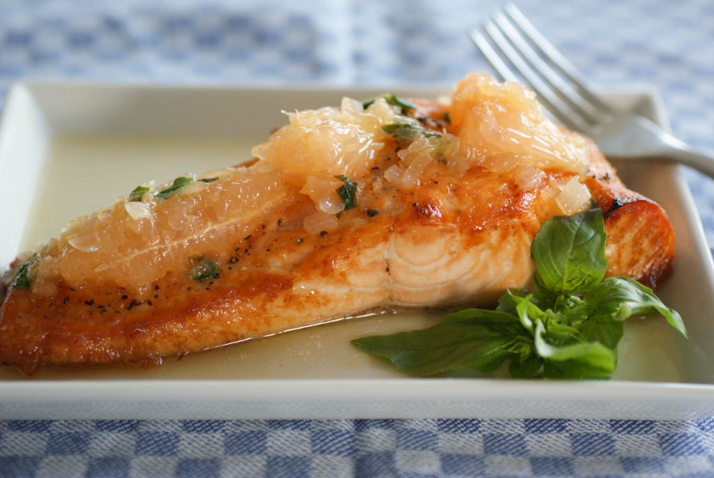 It was pretty awesome to find Swiss Paleo’s recipe – Roasted Salmon with Grapefruit Basil Sauce.
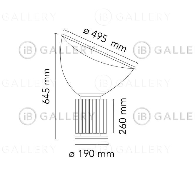 Настольная лампа, обеспечивающая непрямой и отраженный свет. Отражатель из окрашенного алюминия, глянцево-белый снаружи и матово-белый внутри. Направленный рассеиватель из прозрачного выдувного стекла.
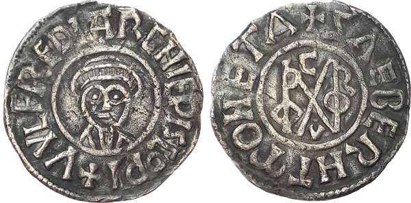 Archbishops of Canterbury, Wulfred (805‑32), AR Penny, Canterbury, Sæberht. Tonsured bust facing, no pellets in fields, +VVLFREDI ARCHIEPISCOP, rev. D orobernia C ivitas m onogram, +SAEBERHT M ONETA a round, 1.21gm. ( N.aismith C46.1; S CBI F itzwilliam 4 38; N240; S 888). Very Fine and toned, minor surface marks. Rare.
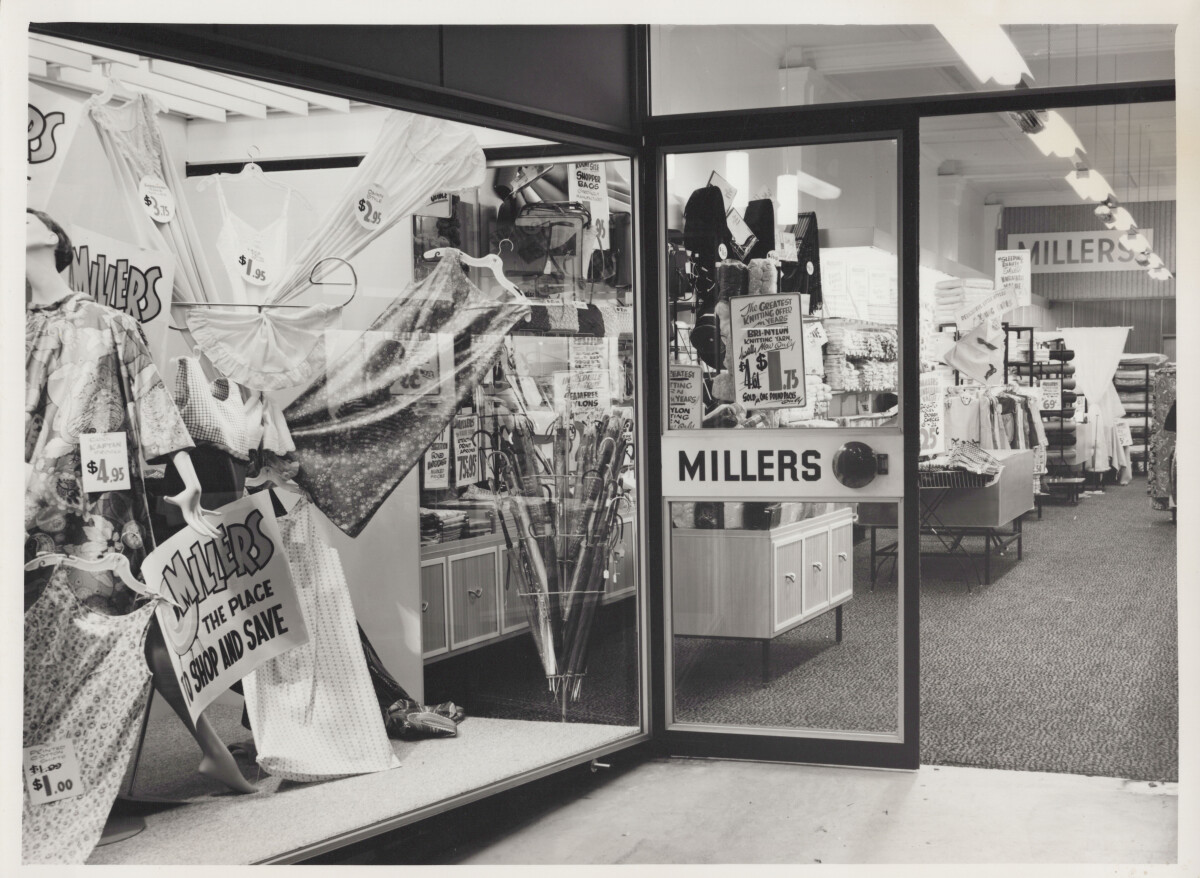 A window display at Millers department store, showcasing various ladieswear apparel.
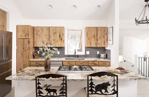 The house has three fireplaces, three decks, three smart TVs, and a built-in sound system. A second living room includes a large kitchenette for entertaining with a pass-through bar window to the deck. Perfect for parties and entertaining. Sunlight Mountain House boasts all-new appliances, ensuring modern comfort and functionality throughout your stay.
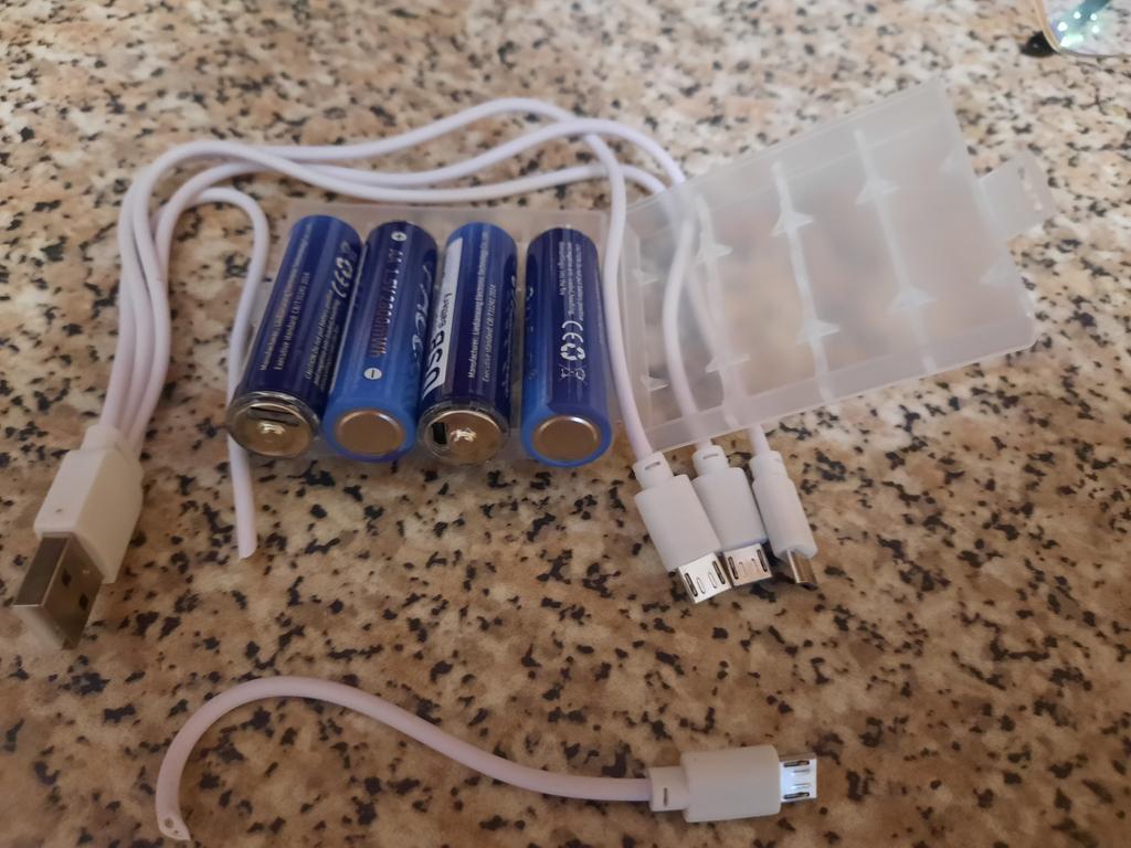 Setul include un cablu și 4 microUSB pentru a încărca toate bateriile în același timp. Capacitatea declarată este de 2800 mWh. Nu există nicio modalitate de a verifica. Livrarea este surprinzator de rapida, nici nu a durat 2 saptamani. Până acum, bine
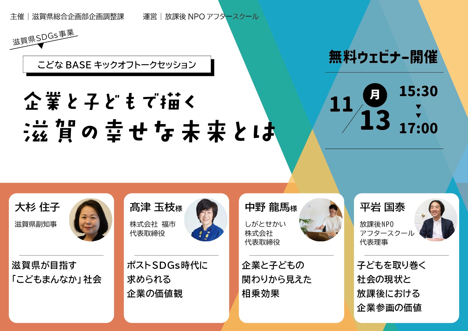 11/13(月)子どもと大人が一緒に滋賀の未来を考える「こどなBASE」キックオフトークセッション開催
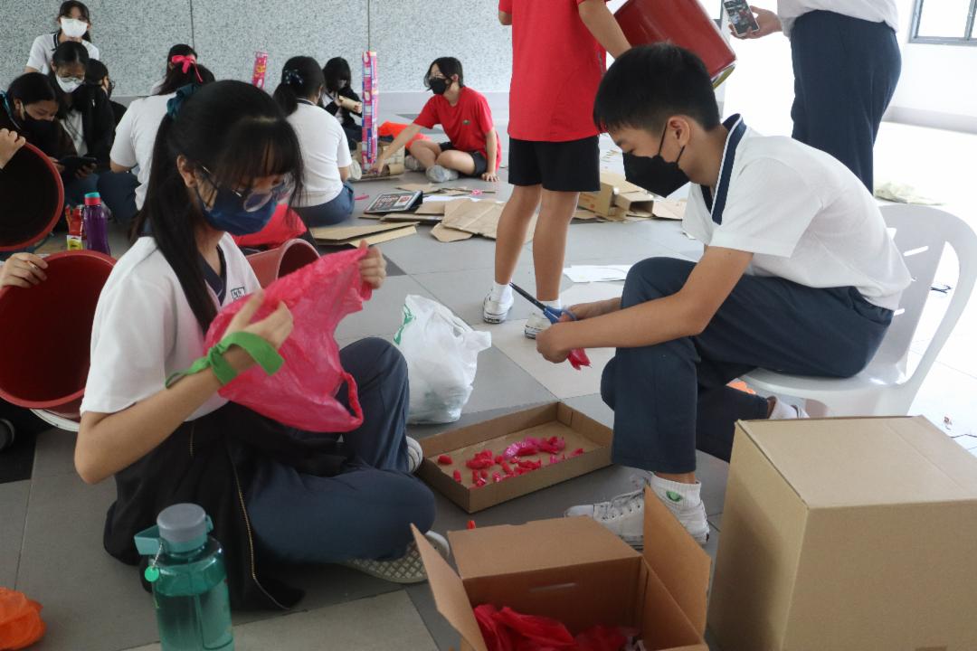 来自八年级合心班的叶如行承担了制作啦啦队彩球的队长。由如行带领的制作小组共有五位成员,他们耗了四天制作了三十个彩球提供红组的啦啦队使用。
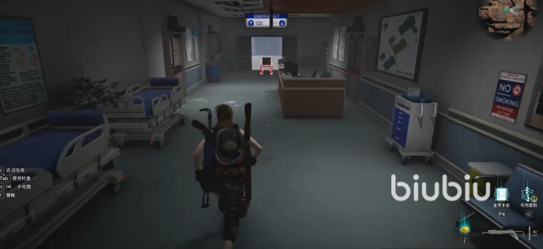 触发任务之后,进房子和保罗对话,对话完成后,我们跟着任务追踪来到代顿医院。在代顿医院牌子右侧,小地图11点方向直走,第一个分叉口右转往小地图2点方向,再到分叉口,转到小地图8点方向。然后在门口这里直接进去,上右前方的楼梯到二楼,就在楼梯正对的房间里面。
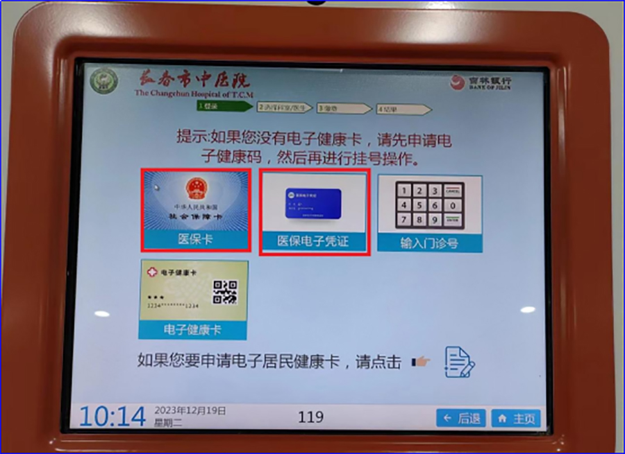 2.医保患者选择,医保卡或者医保电子凭证进行挂号
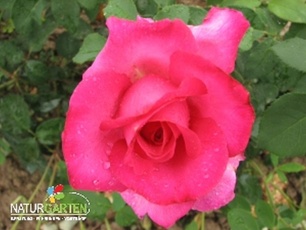Edelrose, Blüte kräftig pink mit lila Hauch, gigantisch groß und gefüllt, herrlich duftend, aufrechter, starker Wuchs, bis 90 cm
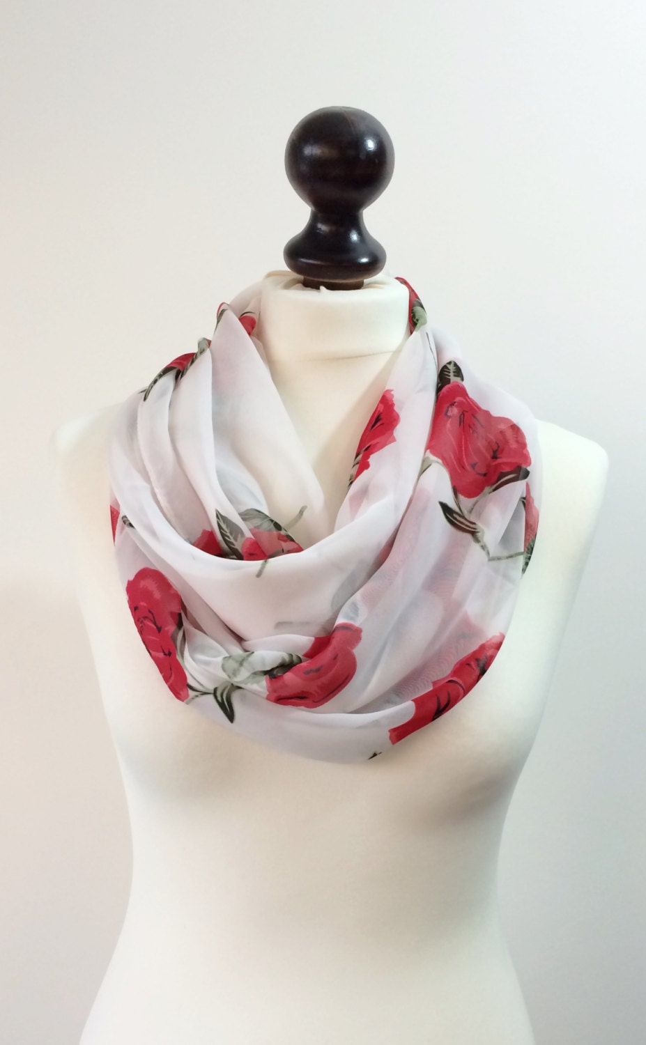 Red Roses Printed Scarf, Lightweight Wrap Scarf, Silky Chiffon Summer Scarf, Trendy Scarf, Oversized Scarf, Designscope
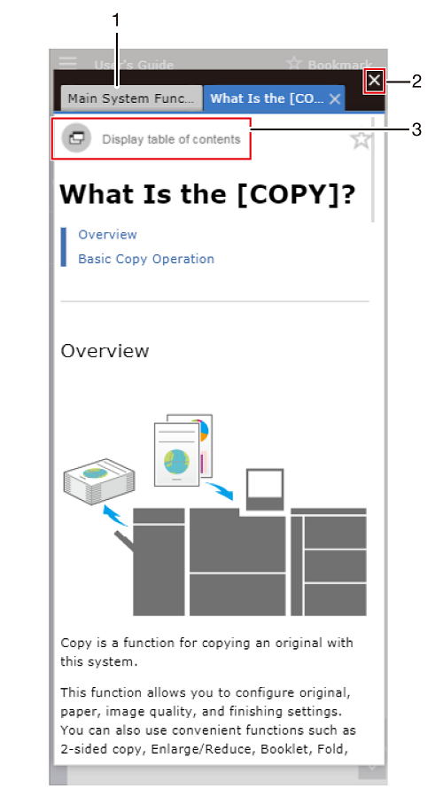 3 | [Display table of contents] | Tap this item to display the page displayed with a modal window as a new tab of a new window. To display the Contents bar again, tap " |
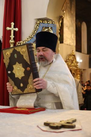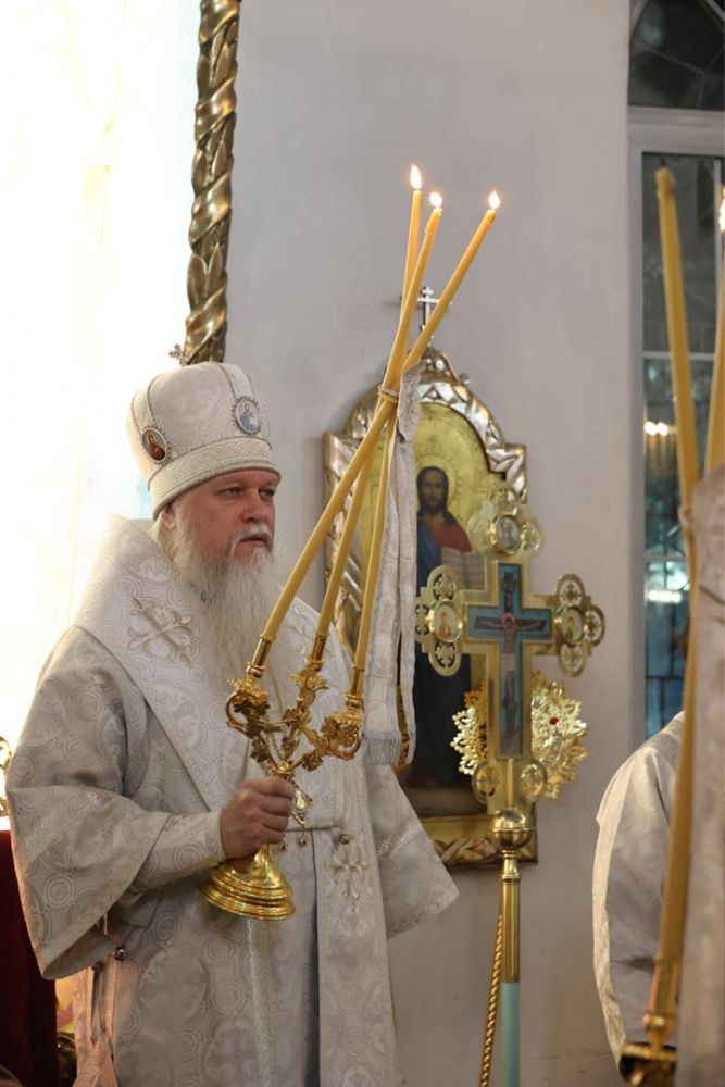 Его Преосвященству сослужило духовенство собора, песнопения исполнял архиерейский хор под управлением Любови Михеевой.
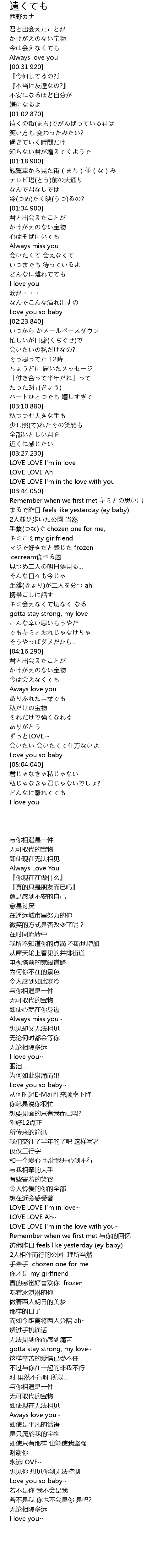 | [04:02.940] | 距離(きょり)が二人を分つ ah |
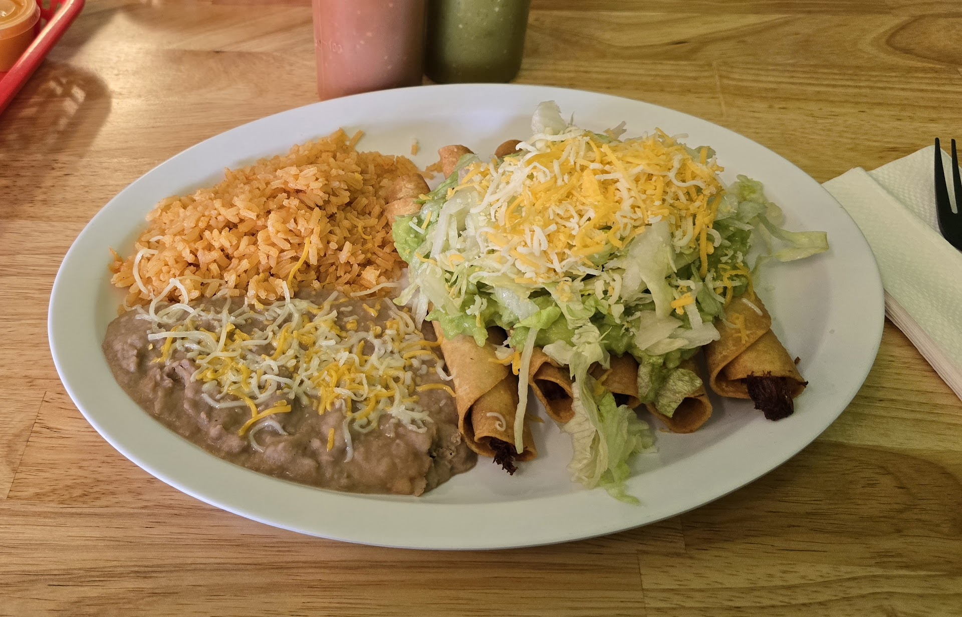 Read moreThis place is great! I have a really hard time trying new places but my wife recommended this place so we tried it tonight and it did not disappoint! I immediately was very pleased to see how wide and open they have managed to make the seating area compared to the restaurant that used to be here and the decorations are great. I ordered the steak and shrimp combination burrito with no sour cream and it was really good however it is definitely a little on the saucy side, there’s nothing wrong with this but just something to note. I ordered the combo and I am just now realizing I did get my drink but I did not get my chips and salsa that came with my meal. I also ordered the 3 rolled chicken tacos with guacamole and they were really good but slightly crispy and I did have to spit some of the last pieces into my napkin. My wife ordered the chicken quesadilla and they actually gave her this chicken quesadilla/burrito mix thing but she liked it anyways and was happy with the taste and size of her meal. We will definitely be back though as long as we make sure to double check they gave us what we actually ordered and everything...
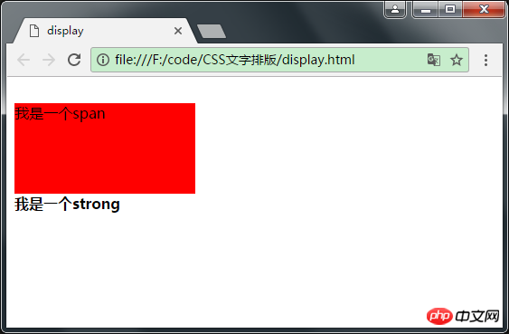 1 <!DOCTYPE html> 2 <html lang="en"> 3 <head> 4 <meta charset="UTF-8"> 5 <title>display</title> 6 7 <style type="text/css"> 8 strong { 9 display: block;10 }11 </style>12 </head>13 <body>14 <div>我是一个div</div>15 <span>我是一个span</span>16 <strong>我是一个strong</strong>17 </body>18 </html>
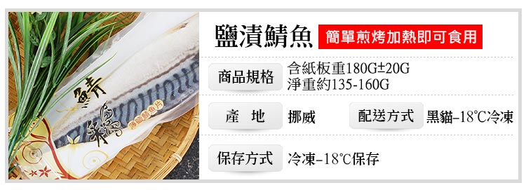 .商品名稱:油質豐厚挪威薄鹽鯖魚1片(約180g/片)-任選
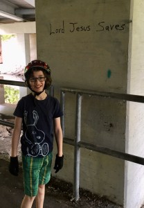 Being around children usually involves laughing. I took my nephews for a bike ride. The nine-year-old tried to do a trick and fell sideways. It could have been disastrous, but he sprang up, and there was this message spray painted on the wall over his head. “I guess lord Jesus saved me!” he joked.
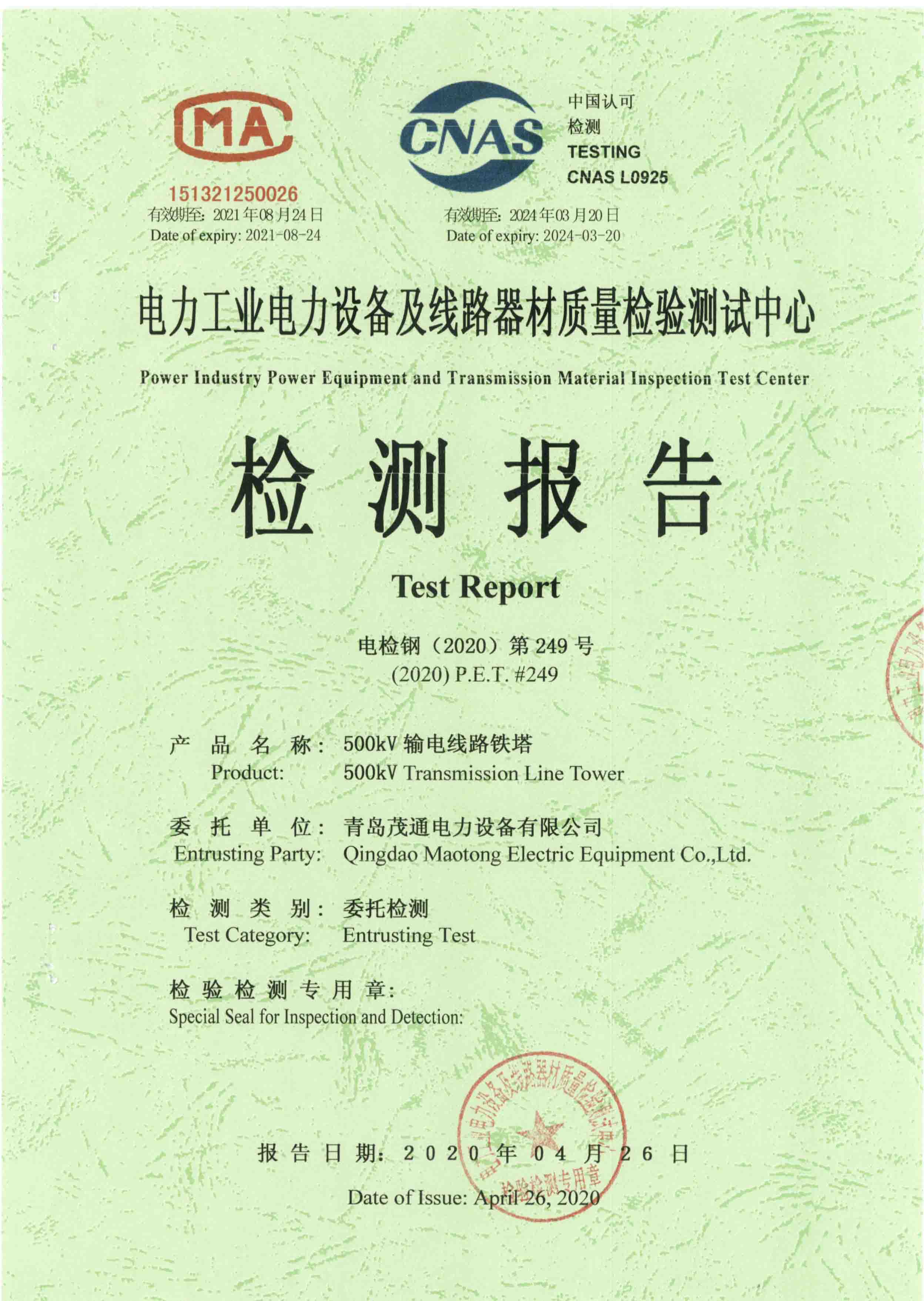 產(chǎn)品檢驗(yàn)報(bào)告

..............................

■ ABOUT THIS TASK:
Once more, please print the whole listing exactly, omitting each image.

■ RESPONSE:
 It was pretty awesome to find Swiss Paleo’s recipe – Roasted Salmon with Grapefruit Basil Sauce.
 Настольная лампа, обеспечивающая непрямой и отраженный свет. Отражатель из окрашенного алюминия, глянцево-белый снаружи и матово-белый внутри. Направленный рассеиватель из прозрачного выдувного стекла.
 Archbishops of Canterbury, Wulfred (805‑32), AR Penny, Canterbury, Sæberht. Tonsured bust facing, no pellets in fields, +VVLFREDI ARCHIEPISCOP, rev. D orobernia C ivitas m onogram, +SAEBERHT M ONETA a round, 1.21gm. ( N.aismith C46.1; S CBI F itzwilliam 4 38; N240; S 888). Very Fine and toned, minor surface marks. Rare.
 A window display at Millers department store, showcasing various ladieswear apparel.
 The house has three fireplaces, three decks, three smart TVs, and a built-in sound system. A second living room includes a large kitchenette for entertaining with a pass-through bar window to the deck. Perfect for parties and entertaining. Sunlight Mountain House boasts all-new appliances, ensuring modern comfort and functionality throughout your stay.
 Setul include un cablu și 4 microUSB pentru a încărca toate bateriile în același timp. Capacitatea declarată este de 2800 mWh. Nu există nicio modalitate de a verifica. Livrarea este surprinzator de rapida, nici nu a durat 2 saptamani. Până acum, bine
 11/13(月)子どもと大人が一緒に滋賀の未来を考える「こどなBASE」キックオフトークセッション開催
 来自八年级合心班的叶如行承担了制作啦啦队彩球的队长。由如行带领的制作小组共有五位成员,他们耗了四天制作了三十个彩球提供红组的啦啦队使用。
 触发任务之后,进房子和保罗对话,对话完成后,我们跟着任务追踪来到代顿医院。在代顿医院牌子右侧,小地图11点方向直走,第一个分叉口右转往小地图2点方向,再到分叉口,转到小地图8点方向。然后在门口这里直接进去,上右前方的楼梯到二楼,就在楼梯正对的房间里面。
 2.医保患者选择,医保卡或者医保电子凭证进行挂号
Edelrose, Blüte kräftig pink mit lila Hauch, gigantisch groß und gefüllt, herrlich duftend, aufrechter, starker Wuchs, bis 90 cm
 Red Roses Printed Scarf, Lightweight Wrap Scarf, Silky Chiffon Summer Scarf, Trendy Scarf, Oversized Scarf, Designscope
 3 | [Display table of contents] | Tap this item to display the page displayed with a modal window as a new tab of a new window. To display the Contents bar again, tap " |
 Его Преосвященству сослужило духовенство собора, песнопения исполнял архиерейский хор под управлением Любови Михеевой.
 | [04:02.940] | 距離(きょり)が二人を分つ ah |
 Read moreThis place is great! I have a really hard time trying new places but my wife recommended this place so we tried it tonight and it did not disappoint! I immediately was very pleased to see how wide and open they have managed to make the seating area compared to the restaurant that used to be here and the decorations are great. I ordered the steak and shrimp combination burrito with no sour cream and it was really good however it is definitely a little on the saucy side, there’s nothing wrong with this but just something to note. I ordered the combo and I am just now realizing I did get my drink but I did not get my chips and salsa that came with my meal. I also ordered the 3 rolled chicken tacos with guacamole and they were really good but slightly crispy and I did have to spit some of the last pieces into my napkin. My wife ordered the chicken quesadilla and they actually gave her this chicken quesadilla/burrito mix thing but she liked it anyways and was happy with the taste and size of her meal. We will definitely be back though as long as we make sure to double check they gave us what we actually ordered and everything...
 1 <!DOCTYPE html> 2 <html lang="en"> 3 <head> 4 <meta charset="UTF-8"> 5 <title>display</title> 6 7 <style type="text/css"> 8 strong { 9 display: block;10 }11 </style>12 </head>13 <body>14 <div>我是一个div</div>15 <span>我是一个span</span>16 <strong>我是一个strong</strong>17 </body>18 </html>
 .商品名稱:油質豐厚挪威薄鹽鯖魚1片(約180g/片)-任選
 Being around children usually involves laughing. I took my nephews for a bike ride. The nine-year-old tried to do a trick and fell sideways. It could have been disastrous, but he sprang up, and there was this message spray painted on the wall over his head. “I guess lord Jesus saved me!” he joked.
 產(chǎn)品檢驗(yàn)報(bào)告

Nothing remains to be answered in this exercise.